RE: RDF tools as workhorse from Chris Wilper on 2005-09-14 (semantic-web@w3.org from September 2005)

From: Chris Wilper <cwilper@cs.cornell.edu>
Date: Wed, 14 Sep 2005 03:13:12 -0400
To: "Mailing Lists" <list@thirdstation.com>, <semantic-web@w3.org>
Message-ID: <772EF7E386FEDF4FA6E11A9DA703A4D24E01D9@EXCHVS1.cs.cornell.edu>

Hi Mark,

I'd suggest you take a good look at Kowari.  It really excels
at query performance and scalability compared to anything
else I've seen in this space.  My own testing has been in the
10-20M triple range.  I've heard that Kowari can easily 
handle ten times that, but haven't tested the assertion for 
myself.  Shoot me an email if you're interested and I'd be 
glad to share some more concrete data.

I think you are right on (if a bit bleeding edge) with your 
approach of moving metadata into a triplestore.  Even without 
inferencing, there are some really nice advantages to
going this route.  As more people realize these advantages, 
I think this space will see an increased focus on achieving
the kind of scale that the high-end relational databases
have seen for years.

Cheers,
Chris Wilper

-----Original Message-----
From: semantic-web-request@w3.org on behalf of Mailing Lists
Sent: Tue 9/13/2005 4:46 PM
To: semantic-web@w3.org
Subject: RDF tools as workhorse
 

Hi all,

Does anyone on the list have some real-world stories to share about 
using RDF and its tools as a backend technology?  The company I work 
for maintains a database of metadata.  I'd like to explore using RDF 
instead of our current schemas.

For example:   I have a lot of data about books.  I'd like to translate 
the data into RDF/XML and dump it into an RDF database.  Then, taking a 
particular book, I'd like to query the database to extract related 
information like: other books by the same author, other books with the 
same subject code, etc.

My concerns relate to:
1) Performance -- Right now we query the database using SQL.  Sometimes 
it is _very_ slow.  That's mainly because the data is distributed 
across tables and there are a lot of joins going on.  It seems like 
using RDF would allow us to use simple queries.

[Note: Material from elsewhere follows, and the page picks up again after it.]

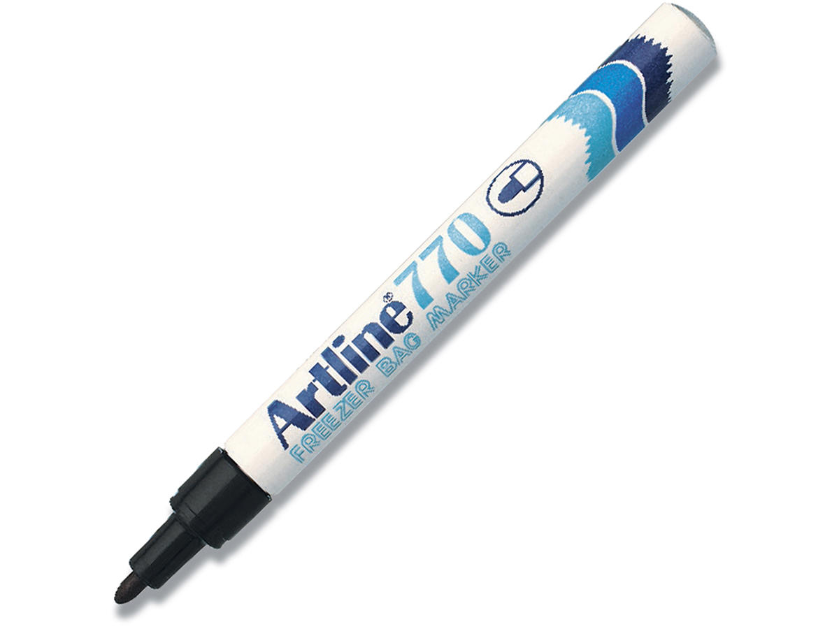 Pennen, der skriver på dine frostposer, plastbeholdere og andet emballage i køl eller på frost. Smitter ikke af efter opbevaring på køl/frost. Skriver på fedtede overflader. Tørrer hurtigt, resistent op til minus 25 grader, vandfast. Rund spids med 1mm skriverbedde. Alu beholder og plast hætte.

2) Scalability -- Our triplestore would be HUGE.  I'd estimate 10-20 
Million triples.  Is that small or large in RDF circles?

3) Productivity -- It's usually easier for me to envision creating RDF 
from our source data than massaging the data to fit into our database 
schema.  The same goes for when I'm extracting data - it seems like it 
would be much easier to express my query as a triple using wildcards 
for the data I want.

Any information will be helpful.  I'm interested in learning from other 
peoples' experiences.

Thanks,
Mark

..oO  Mark Donoghue
..oO  e: mark@ThirdStation.com
..oO  doi: http://dx.doi.org/10.1570/m.donoghue

Received on Wednesday, 14 September 2005 07:14:45 UTC